__INPUT FOR THIS TASK__:
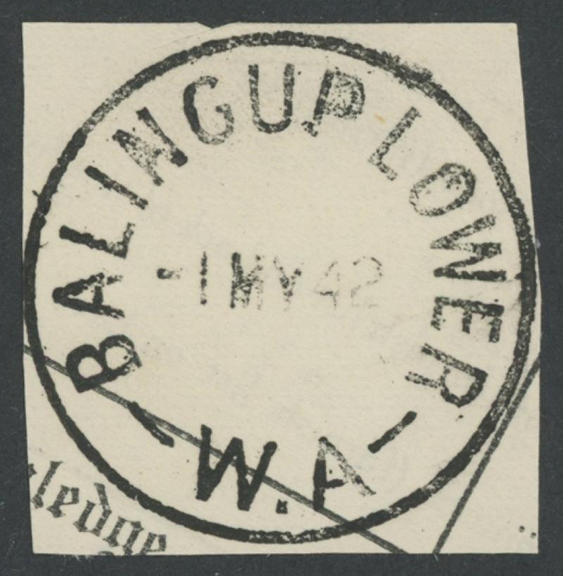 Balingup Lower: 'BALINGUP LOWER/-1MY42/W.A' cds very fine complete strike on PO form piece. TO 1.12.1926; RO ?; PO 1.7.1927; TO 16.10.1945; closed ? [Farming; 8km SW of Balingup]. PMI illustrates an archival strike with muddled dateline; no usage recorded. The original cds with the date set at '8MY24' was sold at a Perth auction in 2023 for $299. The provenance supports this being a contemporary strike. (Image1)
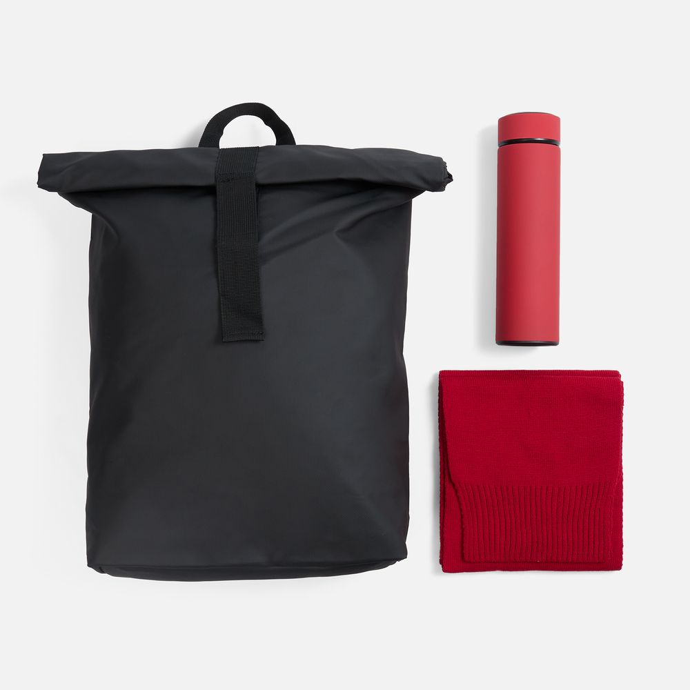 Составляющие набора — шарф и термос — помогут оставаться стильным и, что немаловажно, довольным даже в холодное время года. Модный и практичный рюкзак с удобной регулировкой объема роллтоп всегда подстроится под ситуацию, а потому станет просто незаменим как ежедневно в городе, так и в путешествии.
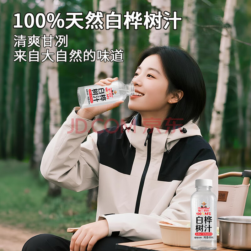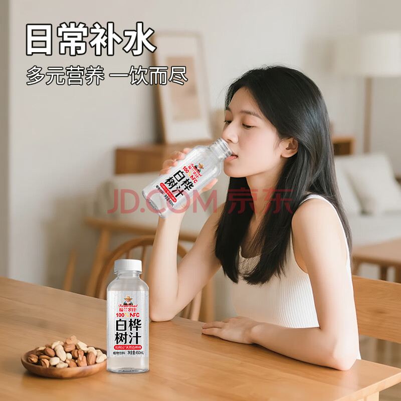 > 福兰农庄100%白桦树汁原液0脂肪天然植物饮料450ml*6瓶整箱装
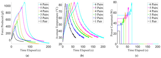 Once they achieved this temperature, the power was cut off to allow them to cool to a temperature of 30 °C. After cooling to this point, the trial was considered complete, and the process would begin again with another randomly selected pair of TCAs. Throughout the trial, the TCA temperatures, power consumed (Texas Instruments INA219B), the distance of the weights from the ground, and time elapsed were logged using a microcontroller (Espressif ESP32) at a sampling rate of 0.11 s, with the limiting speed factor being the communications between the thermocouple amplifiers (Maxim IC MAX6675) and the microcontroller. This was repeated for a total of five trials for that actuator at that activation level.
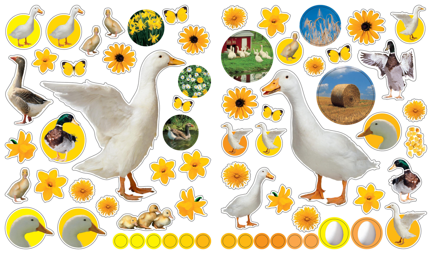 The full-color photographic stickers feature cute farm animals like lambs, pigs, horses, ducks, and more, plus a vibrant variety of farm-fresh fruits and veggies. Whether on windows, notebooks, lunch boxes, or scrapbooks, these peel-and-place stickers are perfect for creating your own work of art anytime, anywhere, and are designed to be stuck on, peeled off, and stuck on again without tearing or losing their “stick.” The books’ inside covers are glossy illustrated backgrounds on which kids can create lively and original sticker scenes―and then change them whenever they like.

==

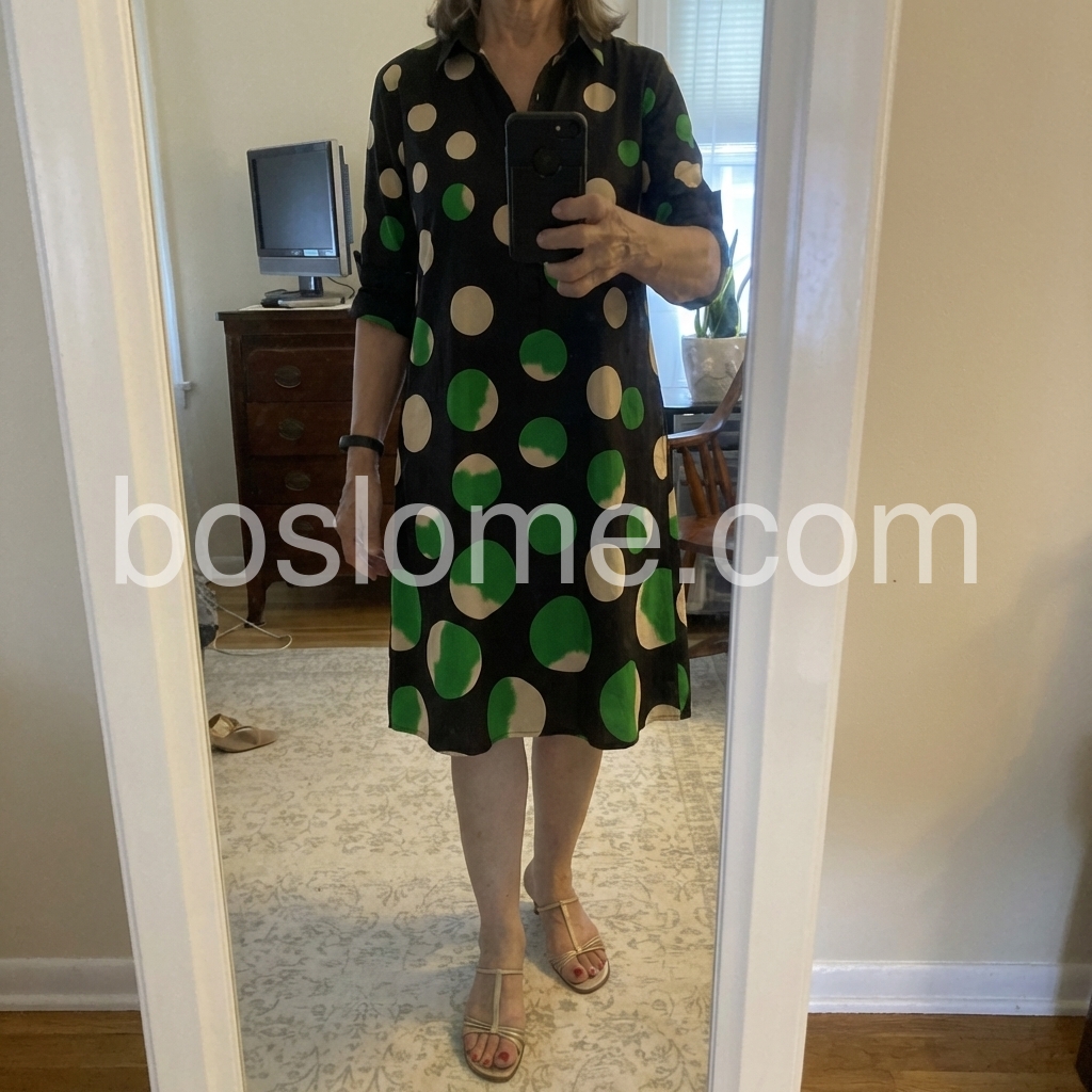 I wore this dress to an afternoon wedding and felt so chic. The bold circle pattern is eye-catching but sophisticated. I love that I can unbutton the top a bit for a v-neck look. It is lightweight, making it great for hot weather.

__PROBLEM DETAILS__: Go to the line above holding "Составляющие набора —", then copy exactly each line down to and including the one holding "The full-color photographic", leaving pictures out.

__EXERCISE RESULT__:
 Составляющие набора — шарф и термос — помогут оставаться стильным и, что немаловажно, довольным даже в холодное время года. Модный и практичный рюкзак с удобной регулировкой объема роллтоп всегда подстроится под ситуацию, а потому станет просто незаменим как ежедневно в городе, так и в путешествии.
 > 福兰农庄100%白桦树汁原液0脂肪天然植物饮料450ml*6瓶整箱装
 Once they achieved this temperature, the power was cut off to allow them to cool to a temperature of 30 °C. After cooling to this point, the trial was considered complete, and the process would begin again with another randomly selected pair of TCAs. Throughout the trial, the TCA temperatures, power consumed (Texas Instruments INA219B), the distance of the weights from the ground, and time elapsed were logged using a microcontroller (Espressif ESP32) at a sampling rate of 0.11 s, with the limiting speed factor being the communications between the thermocouple amplifiers (Maxim IC MAX6675) and the microcontroller. This was repeated for a total of five trials for that actuator at that activation level.
 The full-color photographic stickers feature cute farm animals like lambs, pigs, horses, ducks, and more, plus a vibrant variety of farm-fresh fruits and veggies. Whether on windows, notebooks, lunch boxes, or scrapbooks, these peel-and-place stickers are perfect for creating your own work of art anytime, anywhere, and are designed to be stuck on, peeled off, and stuck on again without tearing or losing their “stick.” The books’ inside covers are glossy illustrated backgrounds on which kids can create lively and original sticker scenes―and then change them whenever they like.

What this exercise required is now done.